In a more preferred embodiment, the method further includes a step of extracting a combination of items relating to a work environment and a worker, executing an operation by using the values of the items constituting the combination as an input layer, and executing the calculation in the teacher data and the output layer. Comparing with the represented data, and repeating the correction of the weight, temporarily storing the corrected error and the obtained weight in association with the accident factor and the accident type and the combination of the items, For each of the extracted combinations, repeat the execution of the operation, comparison of the teacher data and the data represented in the output layer, correction of the weight, temporary storage of the corrected error and the acquired weight,
Comparing the errors, identifying the smallest one, and storing the weight associated with the smallest error, in association with the accident factor and accident type, and a combination of the items. Have.

According to the above embodiment, when data is accumulated, for each combination of the accident factor and the accident type,
The optimal combination of items relating to the working environment and the worker is found again. The values of the items that make up this combination become the new input layer.

In a preferred embodiment of the present invention, the items are at least one of a work time, weather at the time of work, a work position, a work type, and a contract order of a company performing the work. And a worker item including at least one of the worker's age, skill, and job type. In a further preferred embodiment of the present invention, the types of accidents are categorized into accidents relating to transportation and machinery, accidents relating to falls, accidents relating to collapse / collapse, accidents relating to flying and falling, and other accidents.

The accident factors are classified into human factors and physical factors, and the human factors are the position of the worker, the position of the worker, the handling of the machine / apparatus of the worker, and the worker. The physical factor may be related to any of the experiences, and the physical factor may be related to any of the deficiency of the prevention equipment, the deficiency of the machine / apparatus, the deficiency of the working environment, and other factors.

[0014] In a more preferred embodiment of the present invention, the step of receiving information indicating at least one of the classified accident types, the information indicating at least one of the classified accident factors is provided. And a step of selecting an item to be input based on each of the combination of the accident type and the accident factor,
Thereby, the item to be the input layer is determined. For example, only one accident type may be selected, and a plurality (for example, two) of accident factors may be selected. In this case, the union of the items to be input determined by the type of accident and one factor of the accident and the items to be input determined by the type of accident and the other factor of the accident is calculated. What is necessary is just to determine the item to be input.

[0015] In another preferred embodiment, the method further comprises the step of receiving information indicating at least one of the classified accident types, and the information on the received work environment and workers. The method includes a step of selecting an item serving as an input layer for each combination of a type and an accident factor, and a step of receiving a value of the selected item for each combination.

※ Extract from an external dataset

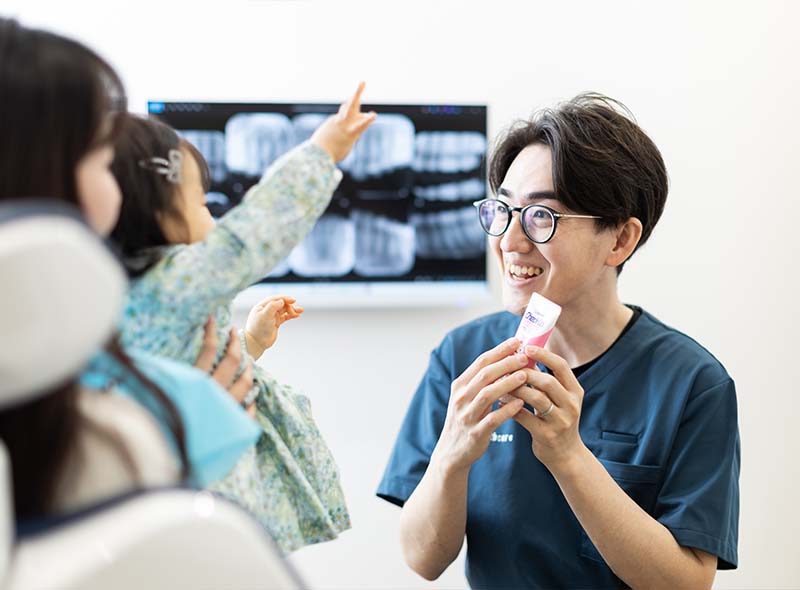 小児歯科の役割は、単にお子さまのむし歯を治療するだけではありません。乳歯には、その下で育つ永久歯が正しい位置に生えるための道しるべという重要な役目があります。乳歯のむし歯を放置すると、永久歯の歯並びや歯質に悪い影響が及ぶ可能性があります。当院では、お子さまが歯科医院を「怖い場所」と思わないよう配慮しながら、健やかな永久歯列の完成をサポートいたします。

Another object of the present invention is to provide an input item processing means having a table in which items to be input are listed according to each combination of a classified accident factor and a classified accident type; Based on an output value expressed in the output layer, a neural network that performs a predetermined operation and outputs a value indicating the presence or absence of an accident factor to an output layer, using the data of the item provided from the item processing means as an input layer, and The present invention is also attained by a risk estimating apparatus comprising: an analyzing unit that creates an index indicating the presence or absence of a predetermined accident factor.

In a preferred embodiment, with respect to the accident database for accumulating accident data and the accumulated accident data, the accident factor and the accident type are classified by referring to the table of the input item processing means. A value extracting means for extracting values of items relating to a work environment and a worker according to a combination of the accident cause and the type of the accident, and a neural network comprising the values of the items extracted by the value extracting means as an input layer. Data comparison means for comparing data indicating the presence or absence of an accident factor, which is represented in an output layer as a result of performing an operation using a net, with data relating to the accident factor corresponding to the extracted item serving as teacher data, Correcting means for correcting weights in the neural network so as to minimize teacher data and output layer data; And weight storage means for storing the weight obtained by repeating the calculation using the data, the data comparison by the data comparison means, and the correction of the weight by the correction means in association with the accident factor and the accident type. .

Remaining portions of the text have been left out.